The famous stupas of massive structure and intricate art, like Sanchi, Amaravati and Bharhut, contends Longhurst, are exceptions, rather than the rule. Sanchi is exceptional in another way. Its claim to fame is not any direct connection with Buddha, but that it was the hometown of Vidisha Devi, one of Maurya Asoka’s favorite queens.

Importance of Umbrellas

Exploring the ceremonial and social significance of umbrellas, Longhurst says they were reserved for the Gods and their human representatives, royalty. This is especially visible in the sculptures  and paintings over two millennia, as also recorded history and administrave texts. The umbrella of the enemy king was a prized possession, to be captured in battle. Temple processions often feature ceremonial umbrellas of the Gods. Chariots (rathas) are often topped by umbrellas. An inscription in Tiruvarur, Tamilnadu, speaks of the privilege of carrying an umbrella, granted to a devadasi.

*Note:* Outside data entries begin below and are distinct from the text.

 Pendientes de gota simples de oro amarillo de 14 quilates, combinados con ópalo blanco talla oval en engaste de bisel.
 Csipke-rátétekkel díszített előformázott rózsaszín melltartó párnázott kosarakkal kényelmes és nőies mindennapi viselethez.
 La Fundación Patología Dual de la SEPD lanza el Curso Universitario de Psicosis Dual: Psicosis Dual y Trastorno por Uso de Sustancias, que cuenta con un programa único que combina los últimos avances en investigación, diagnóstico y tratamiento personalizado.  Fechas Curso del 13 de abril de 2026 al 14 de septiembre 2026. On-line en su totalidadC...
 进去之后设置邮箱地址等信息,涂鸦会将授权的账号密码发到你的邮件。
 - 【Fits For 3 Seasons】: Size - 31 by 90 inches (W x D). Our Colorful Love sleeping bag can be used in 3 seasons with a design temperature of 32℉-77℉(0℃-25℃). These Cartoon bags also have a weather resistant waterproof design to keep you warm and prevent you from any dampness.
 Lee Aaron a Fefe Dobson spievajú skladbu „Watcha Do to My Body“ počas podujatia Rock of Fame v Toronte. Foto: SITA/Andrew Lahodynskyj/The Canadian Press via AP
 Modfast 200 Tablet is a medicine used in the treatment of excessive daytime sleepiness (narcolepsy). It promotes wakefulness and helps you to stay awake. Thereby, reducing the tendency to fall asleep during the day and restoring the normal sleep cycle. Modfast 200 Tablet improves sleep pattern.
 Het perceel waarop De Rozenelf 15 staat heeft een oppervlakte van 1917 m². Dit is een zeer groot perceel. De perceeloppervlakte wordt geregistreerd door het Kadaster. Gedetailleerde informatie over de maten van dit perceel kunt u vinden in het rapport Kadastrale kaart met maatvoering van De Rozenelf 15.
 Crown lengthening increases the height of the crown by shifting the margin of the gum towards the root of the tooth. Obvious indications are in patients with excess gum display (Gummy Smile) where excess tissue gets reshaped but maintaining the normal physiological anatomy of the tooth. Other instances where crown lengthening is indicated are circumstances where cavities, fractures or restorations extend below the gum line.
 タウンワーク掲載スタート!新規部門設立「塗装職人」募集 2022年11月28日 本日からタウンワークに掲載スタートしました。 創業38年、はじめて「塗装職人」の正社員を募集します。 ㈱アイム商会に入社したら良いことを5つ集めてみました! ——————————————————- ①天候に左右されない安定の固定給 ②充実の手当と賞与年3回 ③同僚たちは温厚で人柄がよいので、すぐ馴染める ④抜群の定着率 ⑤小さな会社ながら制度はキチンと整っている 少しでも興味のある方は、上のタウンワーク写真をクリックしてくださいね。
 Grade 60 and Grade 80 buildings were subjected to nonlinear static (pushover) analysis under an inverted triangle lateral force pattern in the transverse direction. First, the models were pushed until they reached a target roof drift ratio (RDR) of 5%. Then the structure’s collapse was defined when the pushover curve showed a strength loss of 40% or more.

Jain tirthankaras, except Parshvanatha, are always shown with triple umbrellas.  Jain acharyas have only one umbrella over them. While it is quite common to see images of Buddha featuring single umbrellas, some monuments like Pithalkora, show triple umbrella over Buddha also, in paintings.

The Hindu God Vinayaka is popularly featured with an umbrella over his head. Paper umbrellas are quite popular during Vinayaka Chathurthi. Mahishasura Mardhini is also often featured with an umbrella. The major Gods though, are rarely shown with an umbrella; Vamana is one such rarity. Unusual exceptions are a Kalyana Sundara sculpture in Kanchi Kailasanatha, a standing Brahma in Pullamangai.



The funerals of the Todas, a Nilgiri tribe, even today feature umbrellas over the funeral car. This is remarkably similar to a Gandharan sculpture showing the Buddha’s own funeral car, with umbrellas.

Toda funeral procession


The custom was so strong in India that even Muslim rulers of India adopted it as a royal emblem, even though neither the nations of their origins nor Islam gave umbrellas any social significance. Europeans of the 17th century, who had also no special status for umbrellas in their culture, were forced to stow away or surrender their common sun protection umbrellas, when entering the city of Delhi.

Evolution of Stupas

The earliest stupas of Buddha were of mud and brick, as befitting a renunciate. One such mud stupa has remnants in Vaishali. During the era of Asoka, these were dismantled, and the buried relics of Buddha apportioned and distributed to hundreds of stupas across Jambudvipa. These stupas were usually undecorated. It is only the vedikas surrounding the stupas, as in Sanchi or Amaravai, or the entrance arches, that were richly adorned in sculptures. Perhaps one exception is a brick and mortar stupa at Nalanda, which features images of the Buddha, but its age is uncertain.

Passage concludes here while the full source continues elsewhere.